Parental stress in neonatal intensive care units (NICU) is well known, as is the stress induced by the COVID-19 pandemic. This combination might increase stress to the extent of affecting the availability of maternal expressed milk and the success of establishing breastfeeding. This is particularly relevant in very preterm infants.

Methods

We conducted a single-centre retrospective analysis in two cohorts of very low birth weight infants born in a hospital in Italy. Babies born before the pandemic (September 2017 – December 2019) (n = 101) and during the pandemic (March 2020 – December 2021) (n = 67) were included in the analysis.
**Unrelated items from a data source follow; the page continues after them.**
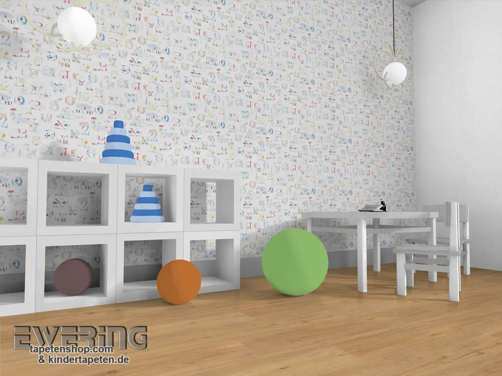 Eigenschaften "Weiß Buchstaben-Zoo Papiertapete"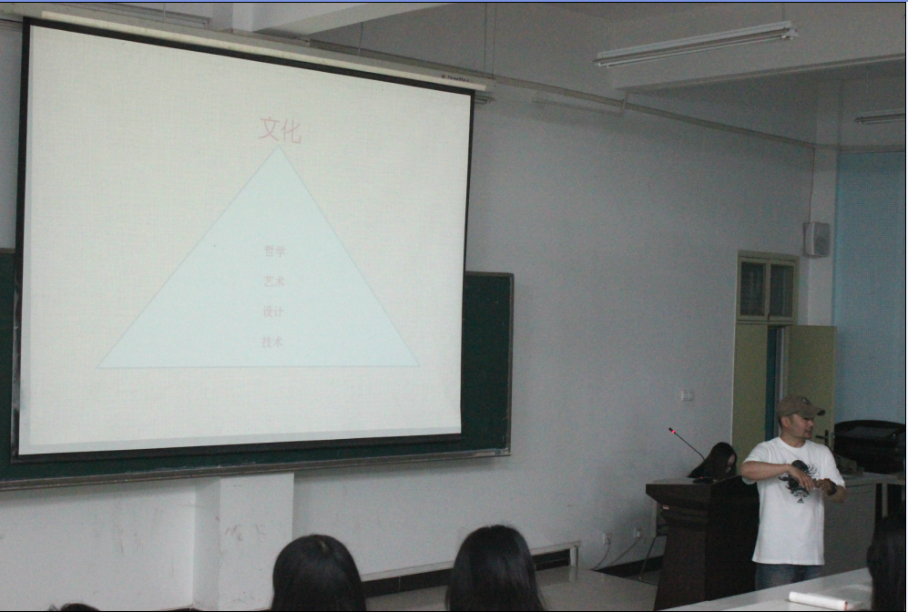 首先,郑老师对艺术给出了自己的定义,“艺术是用形象来反映现实,比现实更加典型的社会意识形态。艺术是开放的,艺术家毋需知道何为艺术,只需创作艺术。”同时,郑老师提到艺术与文化紧密相联,并从哲学、艺术、设计、技术四个方面,阐释了文化与艺术间的相互影响。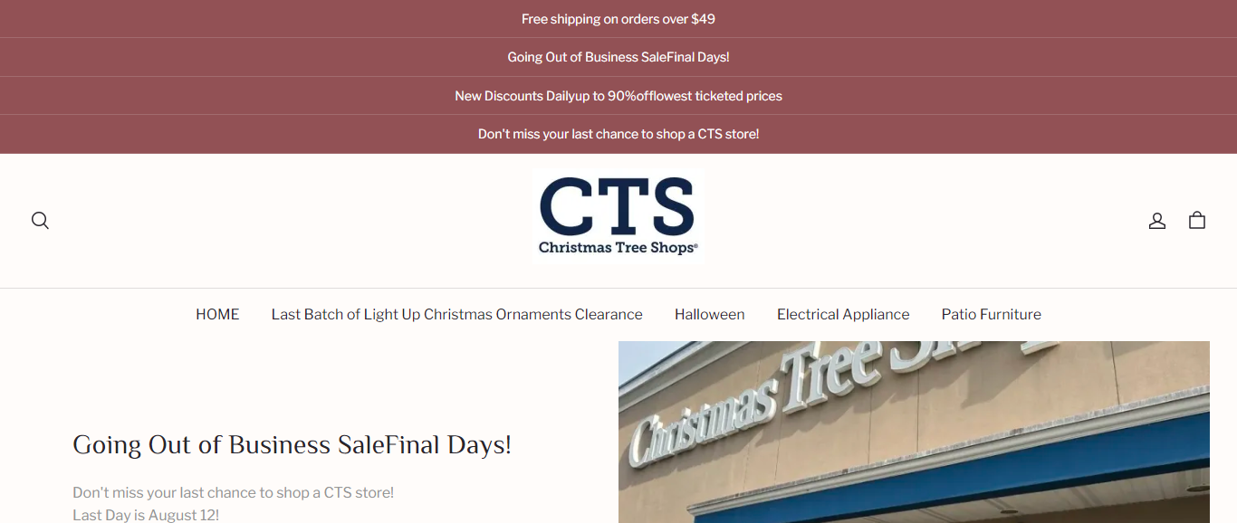 Ebiameg located at Ebiameg.shop is an online store that is impersonating the Christmas Tree Shops CTN Brand by using its brand name and logo. It claims to be selling various products such as candy cane candles, Frosty the snowman lights, dining set, etc. And these products are sold at a suspicious discount rate.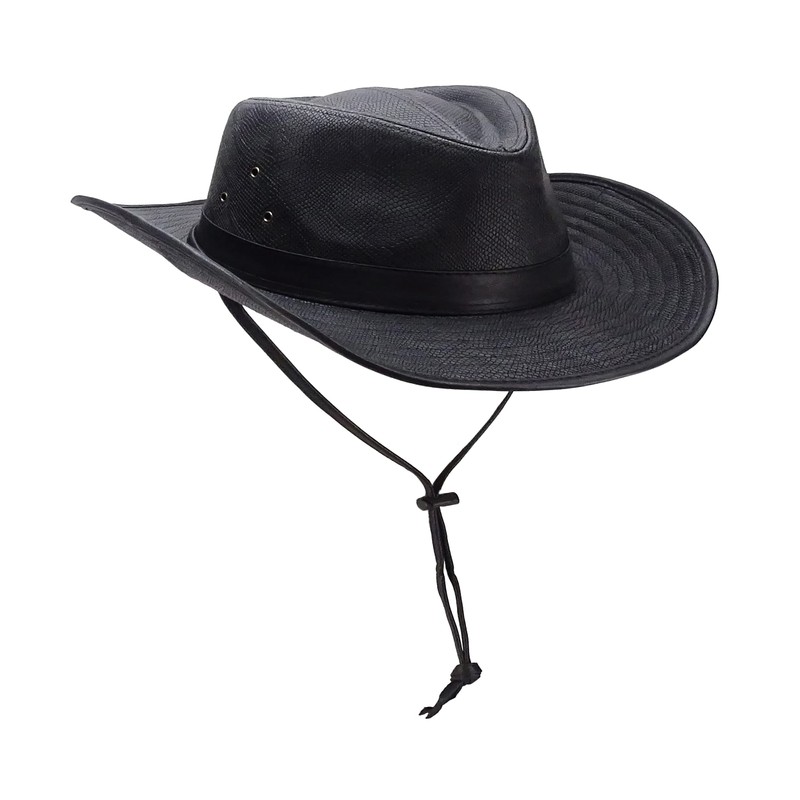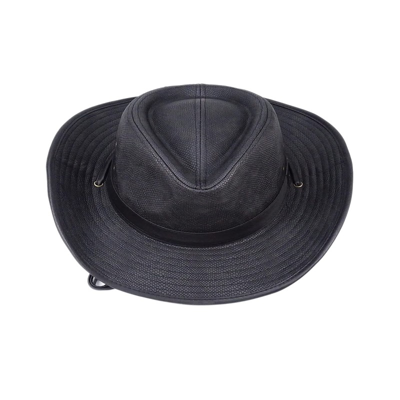 Silver Canyon Men’s Teton Faux Leather Outback Hiking Black Western Hat with Chin Cord, Small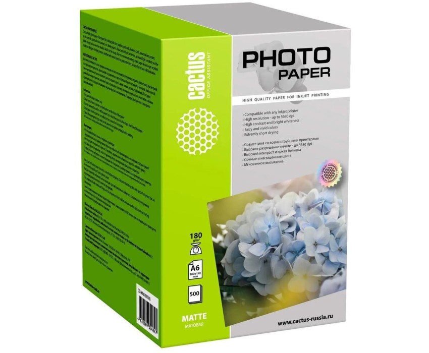 CACTUS Фотобумага CS-MA6180500 A6/180г/м2/500л./белый матовое для струйной печати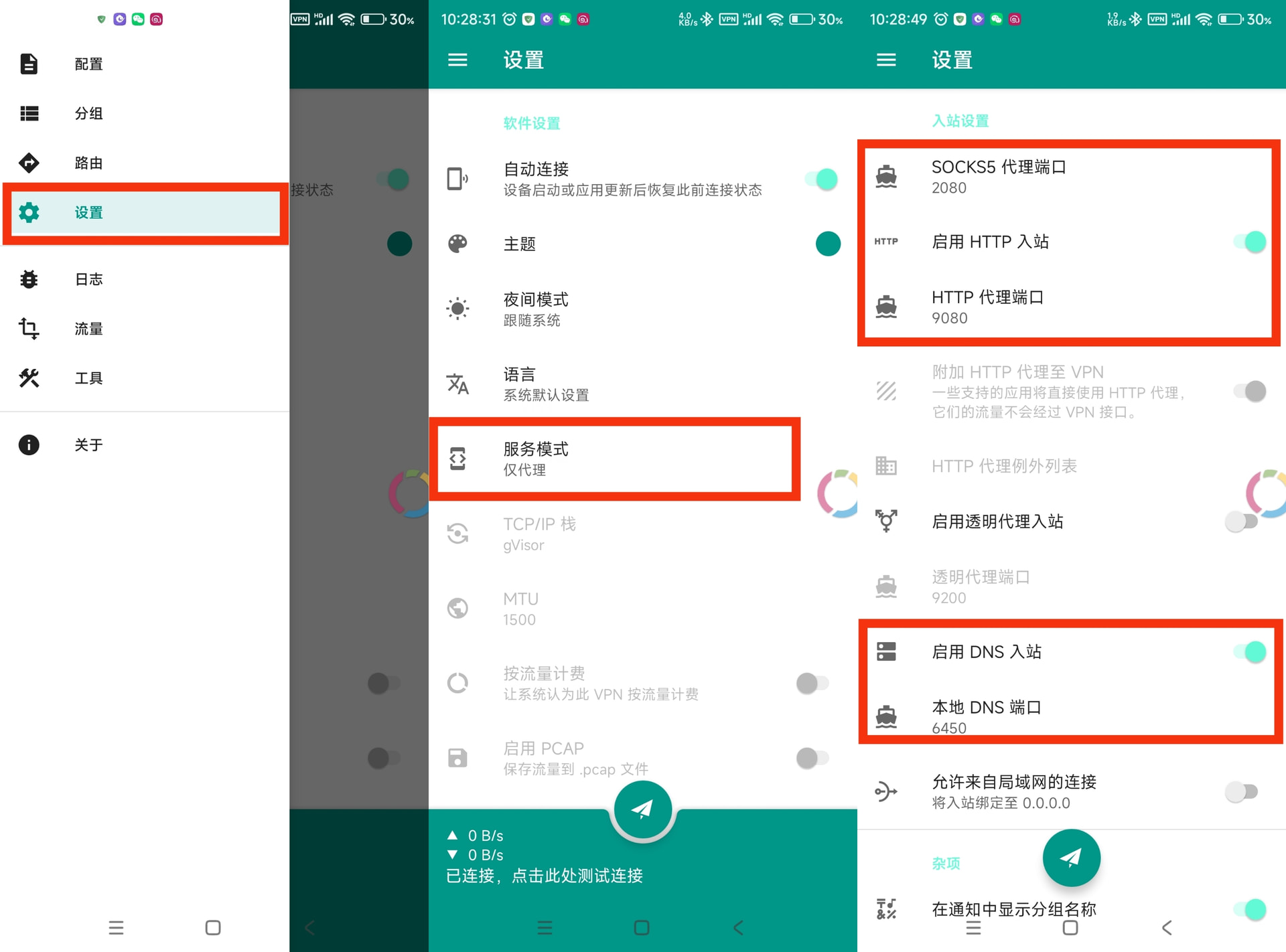 入站设置中打开启用 HTTP 入站和启用 DNS 入站。 -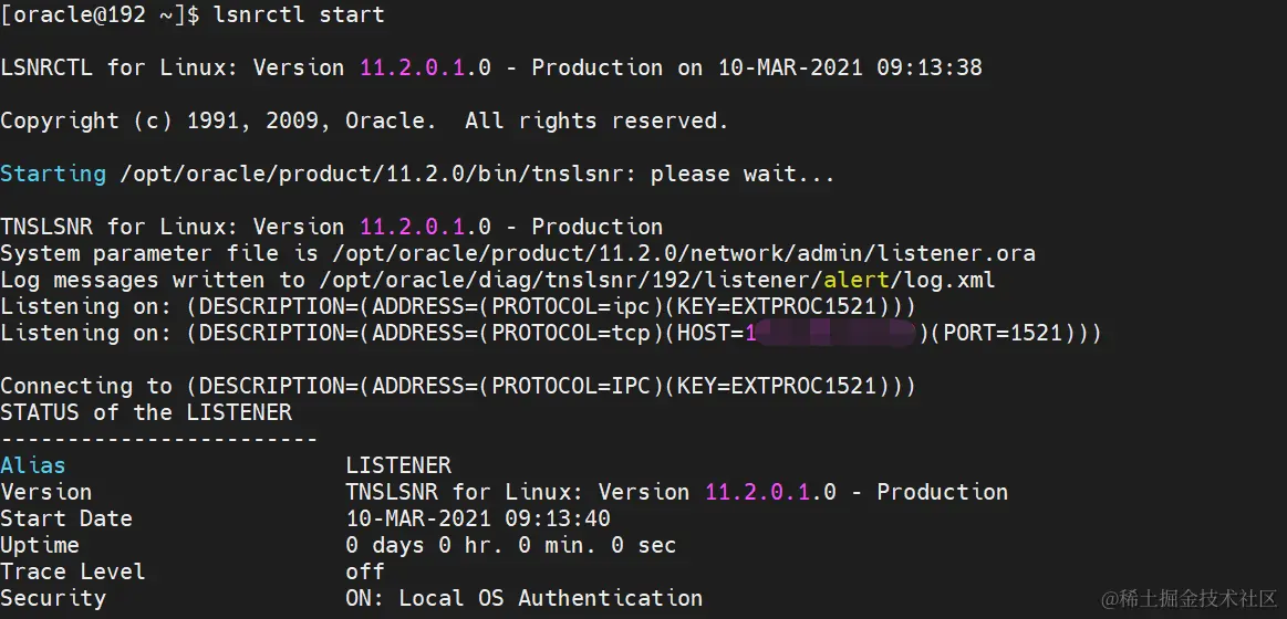 lsnrctl start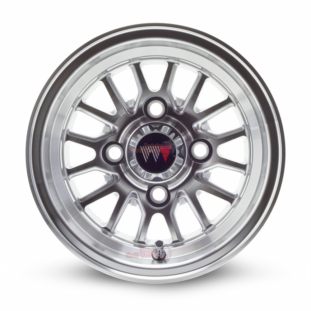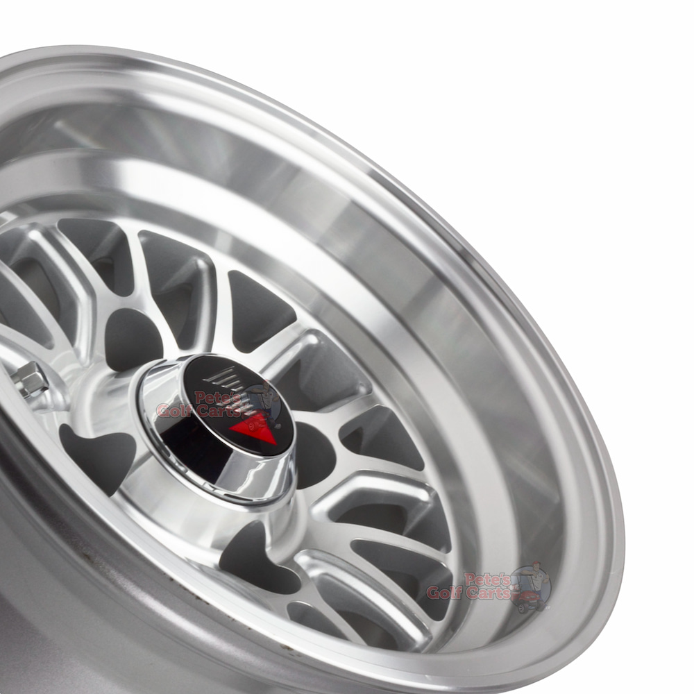 The 10″ TYPE V Machined aluminum golf cart wheels are premium 10″ golf cart wheels that are truly next-level and allow your cart to stand out from the rest. This custom golf cart wheel design by Wheel Mate, the Type V, are a staple in their lineup. The wheel goes through a detailed machining process to create that bright and shimmering aluminum look. It is then finished with a deep clear coat that both protects the wheel and provides that smooth feel.!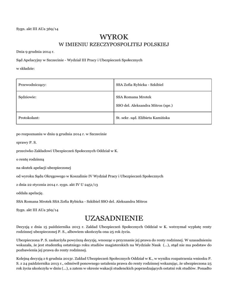 Sygn. akt III AUa 369/14 WYROK W IMIENIU RZECZYPOSPOLITEJ POLSKIEJ Dnia 9 grudnia 2014 r. Sąd Apelacyjny w Szczecinie - Wydział III Pracy i Ubezpieczeń Społecznych w składzie: Przewodniczący: SSA Zofia Rybicka - Szkibiel Sędziowie: SSA Romana Mrotek SSO del. Aleksandra Mitros (spr.) Protokolant: St. sekr. sąd. Elżbieta Kamińska po rozpoznaniu w dniu 9 grudnia 2014 r. w Szczecinie sprawy P. S. przeciwko Zakładowi Ubezpieczeń Społecznych Oddział w K. o rentę rodzinną na skutek apelacji ubezpieczonej od wyroku Sądu Okręgowego w Koszalinie IV Wydział Pracy i Ubezpieczeń Społecznych z dnia 22 stycznia 2014 r. sygn. akt IV U 2451/13 oddala apelację. SSA Romana Mrotek SSA Zofia Rybicka - Szkibiel SSO del. Aleksandra Mitros Sygn. akt III AUa 369/14 UZASADNIENIE Decyzją z dnia 15 października 2013 r. Zakład Ubezpieczeń Społecznych Oddział w K. wstrzymał wypłatę renty rodzinnej ubezpieczonej P. S., albowiem ukończyła ona 25 rok życia. Ubezpieczona P. S. zaskarżyła powyższą decyzję, wnosząc o przyznanie jej prawa do renty rodzinnej. W uzasadnieniu wskazała, że jest studentką ostatniego roku studiów magisterskich na Wydziale Nauk (...), stąd nie ma podstaw do pozbawienia jej prawa do renty rodzinnej. Kolejną decyzją z 6 grudnia 2013r. Zakład Ubezpieczeń Społecznych Oddział w K., w wyniku rozpatrzenia wniosku P. S. z 24 października 2013 r., odmówił ponownego ustalenia prawa do renty rodzinnej wskazując, że ubezpieczona 25 rok życia ukończyła w dniu (...), a zatem w okresie wakacji studenckich poprzedzających ostatni rok studiów. Ponadto z zaświadczenia wystawionego przez Politechnikę (...) z 15 listopada 2013 r. wynika, że ubezpieczona P. S. miała sesję poprawkową, a z przeprowadzonego przez organ rentowy postępowania wyjaśniającego wynika, że w okresie od 2 września 2013 r. do 15 września 2013 r. miała sesję poprawkową i brak potwierdzenia, że na dzień ukończenia 25 roku życia zdała wszystkie egzaminy przewidziane w ramach przedostatniego roku studiów i uzyskała wpis na ostatni rok studiów. Ubezpieczona P. S. zaskarżyła również decyzję z 6 grudnia 2013r. wnosząc o jej zmianę poprzez przyznanie ubezpieczonej praw do renty rodzinnej. Na rozprawie w dniu 13 stycznia 2014 r. Sąd Okręgowy połączył sprawę z odwołania ubezpieczonej od decyzji z 6 grudnia 2013 r., prowadzona pod sygnaturą akt IV U 23/14, ze sprawą prowadzoną pod sygnaturą akt IV U 2451/13 celem łącznego rozpoznania i rozstrzygnięcia. Wyrokiem z dnia 22 stycznia 2014 r. Sąd Okręgowy w Koszalinie IV Wydział Pracy i Ubezpieczeń Społecznych, wydanym w sprawie IV U 2451/13, oddalił oba odwołania ubezpieczonej. Swoje rozstrzygnięcie Sąd oparł na następujących ustaleniach faktycznych i rozważaniach prawnych: Ubezpieczona, urodzona w dniu (...), była uprawniona do renty rodzinnej po zmarłym ojcu B. S. od 14 listopada 1989 r. P. S. od 1 października 2012 r. studiuje na Wydziale Nauk (...) kierunek ekonomia na Politechnice (...). Studia drugiego stopnia, trwające cztery semestry, odbywa w trybie stacjonarnym. Planowany termin ukończenia studiów to 15 września 2013 r. Ubezpieczona 25 lat ukończyła w dniu (...), tj. w okresie wakacji studenckich poprzedzających ostatni rok studiów. Na dzień (...) P. S. miała zaliczony semestr pierwszy, a z semestru drugiego, kończącego przedostatni rok studiów, nie uzyskała jeszcze wszystkich zaliczeń. Sesja egzaminacyjna trwała do 15 września 2013 r. Również do tej daty ubezpieczona nie zaliczyła wszystkich obowiązujących w drugim semestrze zaliczeń. W dniu 16 września 2013 r. ubezpieczona zwróciła się do Prodziekana ds. Studenckich o udzielenie wpisu warunkowego na semestr trzeci roku akademickiego 2013/2014 wskazując, że nie uzyskała zaliczenia z dwóch przedmiotów. Decyzją Prodziekana z 22 października 2013 r. - o warunkowym zezwoleniu na podjęcie studiów w semestrze następnym - ubezpieczona uzyskała prawo warunkowego podjęcia studiów stacjonarnych na następnym semestrze z wyznaczonym obowiązkiem uzyskania w terminie do 14 września 2014 r. zaliczenia dwóch przedmiotów z poprzedniego semestru. W ocenie Sądu Okręgowego odwołanie nie zasługiwało na uwzględnienie. Sąd oparł swoje rozstrzygnięcie na treści art. 68 ust. 1 ustawy z 17 grudnia 1998r. o emeryturach i rentach z Funduszu Ubezpieczeń Społecznych (tj. Dz. U. z 2013 r. poz. 1440, z późn zm., dalej jako ustawa emerytalna), zgodnie z którym dzieci własne, dzieci drugiego małżonka i dzieci przysposobione mają prawo do renty rodzinnej: 1) do ukończenia 16 lat życia, 2) do ukończenia nauki w szkole, jeżeli przekroczyły 16 lat życia, nie dłużej jednak niż do osiągnięcia 25 lat życia, albo 3) bez względu na wiek, jeżeli stały się całkowicie niezdolne do pracy oraz do samodzielnej egzystencji lub całkowicie niezdolne do pracy w okresie, o którym mowa w pkt 1 lub 2. Jeżeli dziecko osiągnęło 25 lat życia, będąc na ostatnim roku studiów w szkole wyższej, prawo do renty rodzinnej przedłuża się do zakończenia tego roku studiów (art.68 ust. 2 ustawy emerytalnej). Sąd Okręgowy wskazał, że w ust. 2 cytowanego art. 68 rozszerzona została w sposób pośredni granica wieku na dzieci wskazane w art. 68 ust. 1 pkt 2, poprzez przyznanie prawa do renty dziecku, które ukończyło 25 lat życia na ostatnim roku studiów w szkole wyższej, przez okres do zakończenia tego ostatniego roku studiów. Dla przyznania ubezpieczonej prawa do renty rodzinnej, w ocenie Sądu Okręgowego, istotnym było ustalenie, czy ubezpieczona osiągnęła 25 lat życia będąc na ostatnim roku studiów w szkole wyższej, przy uwzględnieniu faktu, że zarówno art. 68 cyt. ustawy, jak i inne przepisy emerytalno-rentowe, nie zawierają wykładni pojęcia ostatniego roku studiów. Nie wyjaśniają tego pojęcia również inne przepisy, w tym ustawa z 27 lipca 2005 r. o szkolnictwie wyższym

We compared the rate of babies fed with maternal milk (both expressed and / or donated) at the achievement of full enteral feeding and the rate of those exclusively breastfed at discharge in the two groups. Then, we analysed the impact of donated human milk availability on infant formula use. We also compared mother’s need for psychological support during NICU stay and the duration of psychological follow-up after discharge.

Results

In our NICU the availability of expressed maternal milk significantly decreased during the COVID-19 pandemic (86.1% before the pandemic vs 44.8% during the pandemic, p < 0.001) at the time of full enteral feeding achievement. Thanks to the availability of donated human milk, the rate of formula-fed babies remained almost unchanged (13.9% vs 14.9%). At discharge, the rate of breastfeeding was similar (73.3% vs 72.7%). The maternal need for psychological support was significantly higher during the pandemic (33% vs 64%, p < 0.001), as well as the duration of follow-up > 6 months (1% vs 15%, p < 0.001). No differences in the main clinical outcomes were found.

Conclusion

Pandemic-induced stress had a significant impact on the availability of expressed maternal milk in NICU. However, the presence of human donated milk was fundamental in preventing increased use of infant formula during NICU stays. This underlines how strategies to implement the widespread establishment of donor milk banks on a national level are warranted. Further research is desirable to optimise the use of donated human milk banks during emergency situations.

Background

Maternal milk is the first feeding choice to improve the short- and long-term outcomes of all neonates, especially for preterm and very low birth weight (VLBW) infants [1]. It promotes the achievement of early full enteral feeding (FEF), thus reducing complications linked to prolonged parenteral nutrition. It is also protective against the major morbidities affecting preterm infants, such as sepsis, necrotising enterocolitis and bronchopulmonary dysplasia [2, 3].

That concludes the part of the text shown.